### Task to carry out
Copy only what lies from the line containing "Featuring ballooned sleeves" through the line containing "Sticker Rond Elfe" in the entries below, keeping both end lines exact and dropping every picture.

### Data
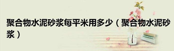 关于聚合物水泥砂浆每平米用多少,聚合物水泥砂浆这个很多人还不知道,今天菲菲来为大家解答以上的问题,现在让我们一起来看看吧!
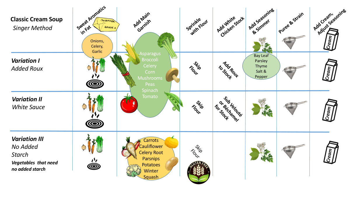 The classic method for preparing a cream soup starts with a flavor base of aromatics of onions, celery, and/or garlic with the main ingredient (for example asparagus, cauliflower, or mushrooms)that is cooked in fats including butter or oil. For the singer method, sprinkle flour over the vegetables and fats after they have softened to create a roux, a white stock is then added along with a sachet d'epice. The soup is simmered and seasoned, pureed and strained, and returned to the pot where it is finished with cream.
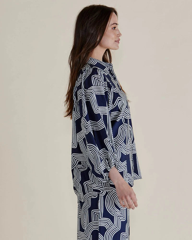Featuring ballooned sleeves with light gathers and a collar with buttons, the Rosalind Shirt blends elegance with a relaxed fit. The 3/4 sleeves with elastic cuffs add a sophisticated touch to this transeasonal staple.
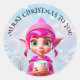 Sticker Rond Elfe rose mignonne avec café ou cacao Noël
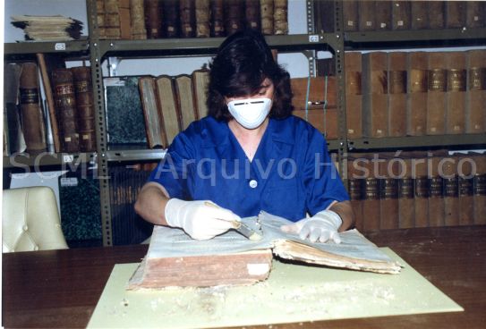 A retratada, colaboradora da Santa Casa da Misericórdia de Lisboa, encontra-se a proceder à higienização de um livro da Biblioteca do Marquês de Alegrete nas instalações do Arquivo Histórico, sitas na Avenida D. Carlos I, em Lisboa.
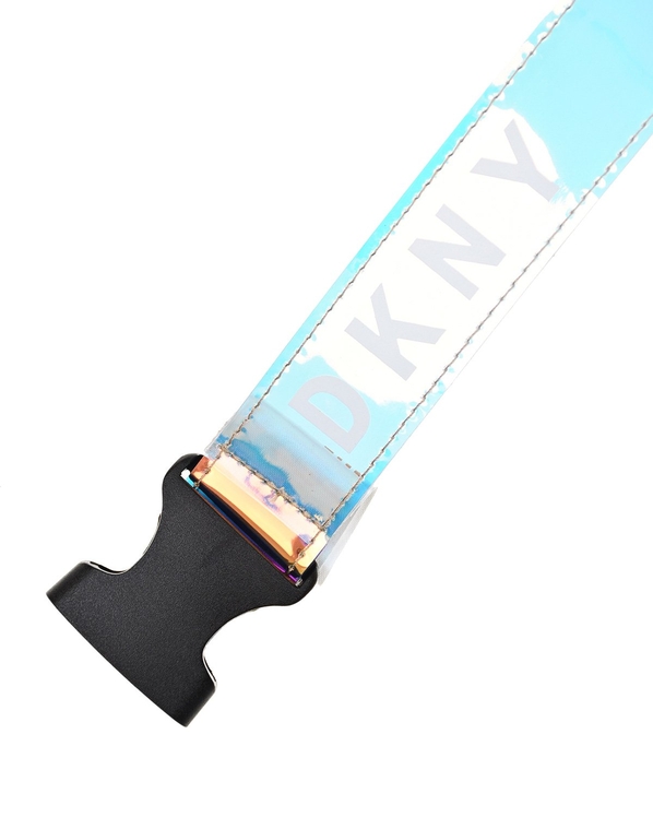 D31259 111 WHITE L20 Ремень DKNY перламутровый, лого на застежке, надпись
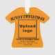 Frohe Weihnachten! Akryler Ornament mit fröhlichen Weihnachtsgrüßtexten, Ihrem Geschäfts- oder Firmennamen, Logo, Adresse und Telefonnummer. Entwürfe sind schwarze Texte auf orangefarbenem Hintergrund und auf T - Shirt-Form. Ornament zur Dekoration des Weihnachtsbaumes in Ihrem Geschäft, Shop oder Büro. Ornament, um Ihre Kunden in dieser Feriensaison visuell zu begrüßen und Ihr Unternehmen zu werben oder Ihren Markennamen zu fördern. Passen Sie es an und nutzen Sie es, um Markenbewusstsein zu schaffen. Bitte Karo des Erscheinungsbildes nach dem Hochladen von Logos und Schriftzeichen. Wenn Ihnen das Aussehen gefällt, können Sie jetzt Ihre Bestellung aufgeben. Wenn Sie das Logo und die Texte verändern und verschieben müssen, um auf dieses Ornament zu passen, wechseln Sie bitte im Design-Tool. Sie können auch andere Änderungen vornehmen, die Ihren Wünschen entsprechen, z.B. die Farbgestaltung des Ornaments, die Farbe des Schriftartes und der Stil des Schriftartes. Frohe Weihnachten! Wir wünschen Ihnen mehr Umsatz in dieser Feriensaison.

### Result for this exercise
Featuring ballooned sleeves with light gathers and a collar with buttons, the Rosalind Shirt blends elegance with a relaxed fit. The 3/4 sleeves with elastic cuffs add a sophisticated touch to this transeasonal staple.
 Sticker Rond Elfe rose mignonne avec café ou cacao Noël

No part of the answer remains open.